I am currently looking into the Maximum Likelihood Estimate (MLE) for the mean $\mu$ and $\sigma^2$ of a Gaussian distribution $\mathcal{N}(\mu, \sigma^2)$ for a given set of samples
$$\left\{x_i \ \vert\ x_i \in \mathbb{R}, i = 1, \ldots, n \right\}.$$
The MLE is given by
\begin{align*}
\mu^* &= \frac{1}{n} \sum_{i=1}^n x_i \\
\sigma^{2^*} &= \frac{1}{n} \sum_{i=1}^n (x_i – \mu^*)^2
\end{align*}
and is indeed the global maximizer, as shown in this thread. It is however easy to show that jointly maximizing the likelihood w.r.t. $\mu$ and $\sigma^2$ is non-concave, as done in this thread. More precisely, this thread looks at the equal objective of minimizing the negative log-likelihood and it shows that the negative log-likelihood is non-convex.
I have already shown in the very same thread, that we can find a non-convex set $G$ on which the negative log-likelihood is convex and that contains the MLE.

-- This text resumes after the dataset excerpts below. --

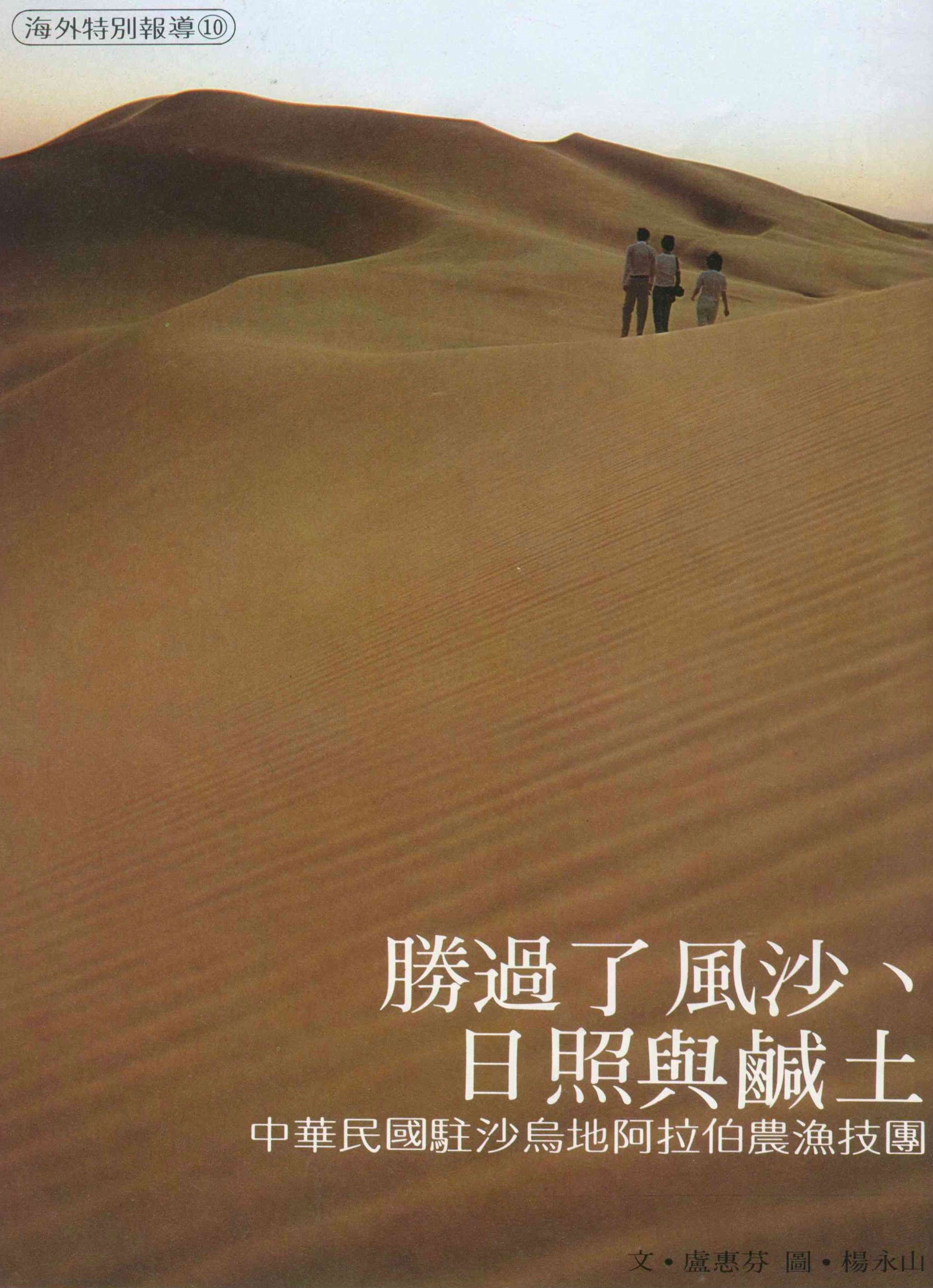 由於在沙工作的國人較多、從事的範圍也較廣,本刊將分兩次報導他們的工作近況。本期首先介紹的是,最早抵達沙國、為中沙友誼埋下第一顆種籽的農業技術團,及同樣以農民為服務對象的漁業技術團。
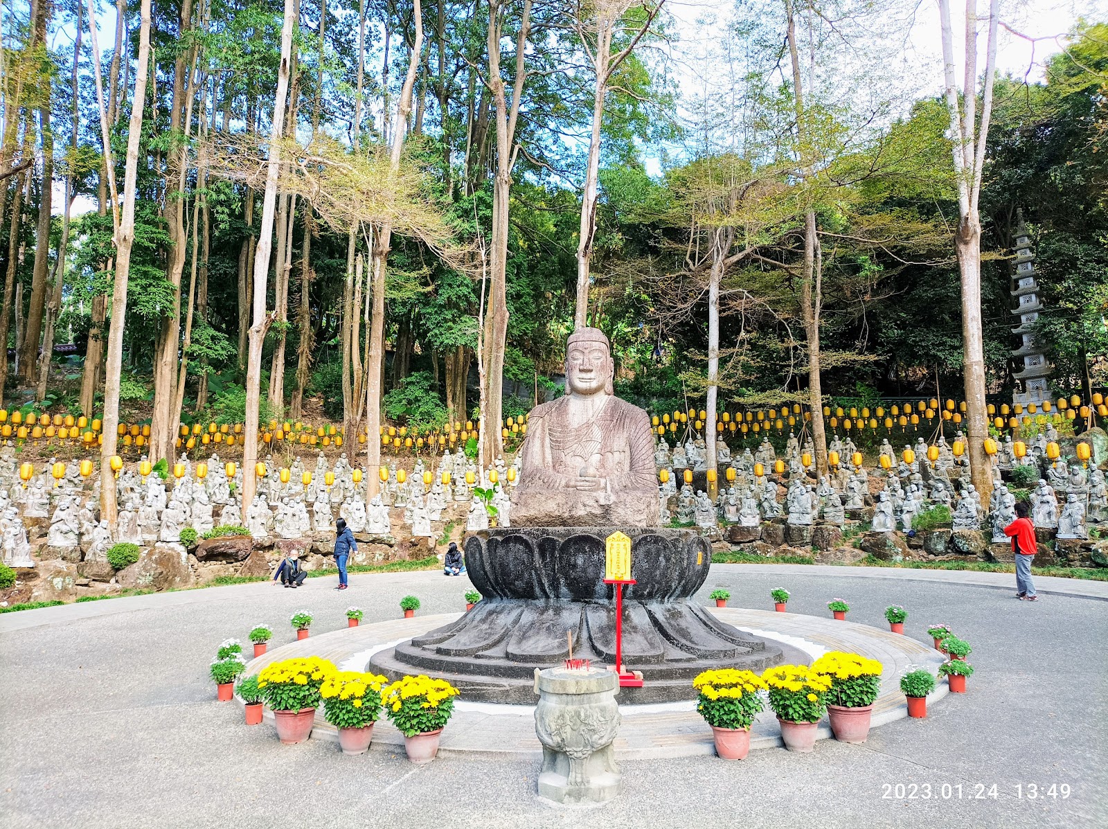佛寺門口的黃色燈籠沿著樓梯往上攀延,一步步走上去覺得內心特別平靜,走完樓梯佛寺入口前面有一個迴廊造型的水池和步道,進入到佛寺大殿的正後面還有一個木造的小佛堂,有點韓國佛寺的風情,入口的右邊沿著步道,可以繞一圈佛寺,會先遇到蓮花座,看很多網美都會座到桌子上拍照😅別有一番風情,再往下走會遇到五百羅漢,不得不說,拍照看到的感覺都覺得還好,親眼一見,非常的壯觀和震撼!沿著八卦陣慢慢走一圈覺得身心都被洗滌了
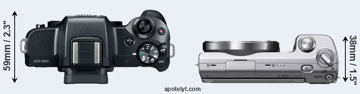 The physical size and weight of the Canon M50 and the Sony NEX-5 are illustrated in the side-by-side display below. The two cameras are presented according to their relative size. Three consecutive perspectives from the front, the top, and the back are available. All size dimensions are rounded to the nearest millimeter.
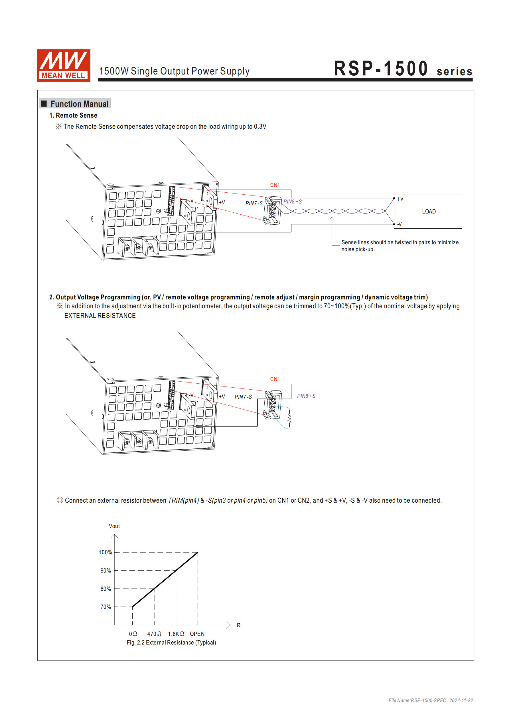 問題 2:RSP-1500 系列的輸出電壓調(diào)整方式有哪些?不同機型的調(diào)整范圍是否一致?

Now my question: Why are there no other minimizers of the negative log-likelihood outside of the set $G$ that we can find via the condition
$$\nabla_{\mu,\sigma^2} – \log\left(\prod_{i=1}^n \mathcal{N}(x_i \vert \mu, \sigma^2)\right) = 0\quad?$$
More generally, is it possible that a function is non-convex on $\mathbb{R}^n$ but has only one minimizer (or a set of minimizers with the same function value)?
Best Answer
It is key that the (location of the) maximum over $\mu$ does not depend on $\sigma$. For that optimal value of $\mu$, there is again a unique optimal $\sigma$. Therefore, you can just optimize sequentially and you do not need joint concavity.